Early Bird Registration for DrupalCon Portland 2024 is open! Register by 23:59 PST on 31 March 2024, to get $100 off your ticket.
As suggested earlier (http://drupal.org/node/22035) I want to open an issue to backport the performance fix to 4.6
We have a url_alias table of 8,000 entries / 1M and now even when we turn off path & pathauto modules it is still being fully loaded, slowing the site to a crawl (15-40 sec load)
This fix is desperately needed, I am sure not only by us. 4.7 is way out there (especially with contrib modules) and we are already dependent on these paths for search traffic.
Please help !!!
Comment | File | Size | Author |
---|---|---|---|
#42 | path_alias_backport_0.patch | 4.77 KB | chx |
#31 | i18n.module.path_alias_backport_0.patch | 934 bytes | klance |
#30 | i18n.module.path_alias_backport.patch | 918 bytes | klance |
#23 | path_alias_backport2_files.zip | 38.14 KB | Marandb |
#17 | path_alias_backport2.patch | 5.05 KB | matt westgate |
Comments
Comment #1
Adrian Freed CreditAttribution: Adrian Freed commentedI second the motion. This is a showstopper for many drupal projects for me including a million+ node site.
Comment #2
dkruglyak CreditAttribution: dkruglyak commentedRe-filing under Drupal base system. Also note a discussion on some benchmarks in our case: http://drupal.org/node/43431
Comment #3
dkruglyak CreditAttribution: dkruglyak commentedFound OLD patch, have questions. It is introduced here http://drupal.org/node/22035#comment-29593, with disclaimer that it is broken.
Could you help me understand what version that patch applies to?
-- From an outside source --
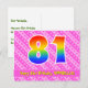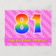Framsidan av denna glada och roliga födelsedagskortdesign har en stor siffra "81" med ett mönster inspirerat av regnbågens färgskala, tillsammans med meddelandet "Grattis på 81-årsdagen", och ett redigerbart namn på mottagaren. Framsidan har dessutom ett glatt ljust rosa och mörkt rosa randigt mönster med hjärtformer. Baksidan har ett anpassat födelsedagsmeddelande, eller kan rensas och lämnas tomt om ett meddelande ska skrivas för hand istället. Ett anpassningsbart födelsedagskort som detta kan vara ett roligt sätt att uppmärksamma någon på deras 81-årsdag. Kort som detta kan också användas för att inbjuda gäster till en födelsedagsfest eller firande som hålls för någon som fyller 81 år.

HEAD/4.7? 4.6.x? How different is it from 4.6.5? I can try hacking but any guidance is much appreciated. Maybe you could point me to which functions to work on and where to start modifying 4.6.5...
Comment #4
Jeremy CreditAttribution: Jeremy commentedHere's a backport from CVS HEAD that applies to 4.6.5. It works well in my own testing, but I certainly suggest that you test it first before using it in a production environment.
Feedback of how it helps on busy 4.6 sites would be welcome. It'd also be interesting to see some benchmark results.
Comment #5
dkruglyak CreditAttribution: dkruglyak commentedI just finished my own try to do the backport and found a bug in the original code, which also got carried into the patch.
Many of the aliases on my system do not get looked up. When rendering links, a call to drupal_get_normal_path before drupal_get_path_alias corrupts the map. I fixed the drupal_lookup_path function and rewrote it for greater efficiency by getting rid of array_search with two maps. Frontpage load improves 20s->0.7s.
Please review for commit to both 4.6.5 patch & HEAD:
Comment #6
dkruglyak CreditAttribution: dkruglyak commentedIf you are applying this patch, do not forget to build index on src column in url_alias table.
Comment #7
chx CreditAttribution: chx commenteddkruglyak , you need to read http;//drupal.org/patch
Comment #8
dkruglyak CreditAttribution: dkruglyak commentedThanks for the link. I am still not sure how to properly submit a "patch-of-a-patch". Could you provide any pointers on that?
In any case, the code is available for review / testing, it is just one function changed.
Comment #9
chx CreditAttribution: chx commentedit's easy: apply the patch, change what you think needs changed and provide a new patch.
Comment #10
Jeremy CreditAttribution: Jeremy commentedDkruglyak, your changes didn't work on my test server but I updated my patch to use two maps following your claim that this offers a dramatic improvement in performance.
Is anyone willing to benchmark Drupal 4.6.5 versus Drupal 4.6.5 + my first patch versus Drupal 4.6.5 + the attached patch?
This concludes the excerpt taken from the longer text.